ODK Central offers no less than three different ways to access data:

* viewing ODK Central data in MS PowerBI, MS Excel, Tableau, or `ruODK` 
  through the OData service endpoints, or
* downloading all submissions including attachments as one (possibly gigantic) 
  zip archive either through the "Export Submissions" button in the ODK Central
  form submissions page or through `ruODK`,
* viewing ODK Central data through `ruODK`'s RESTful API functions.

While the `vignette("odata", package="ruODK")` 
(online [here](https://dbca-wa.github.io/ruODK/articles/odata.html)) illustrates 
the first option, this vignette demonstrates the remaining two.
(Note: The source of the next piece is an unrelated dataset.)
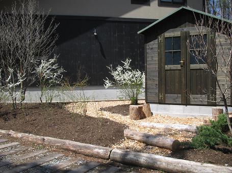 さらに、前年にお施主様自身が施工した木製物置の廻りも植栽して、敷地内通路は、針葉樹のチップ材を敷きました。チップの上を歩くと自然素材特有のやわらかさもあって、とっても良い感じです。

Not implemented (yet) are the "managing ODK Central" functions which create, 
update, and delete projects, forms, users, roles, and permissions. 
We haven't yet found a strong use case to automate those functions - 
ODK Central (driven by humans) does those jobs beautifully on an expected scale.

# Setup ruODK
See [`vignette("Setup", package = "ruODK")`](https://dbca-wa.github.io/ruODK/articles/setup.html) 
for detailed options to configure `ruODK`.

# Projects

List projects. We see the project ID, a name, the number of forms and app users,
dates of last form submissions plus project management timestamps (created, 
updated).

The important bit here is the project ID.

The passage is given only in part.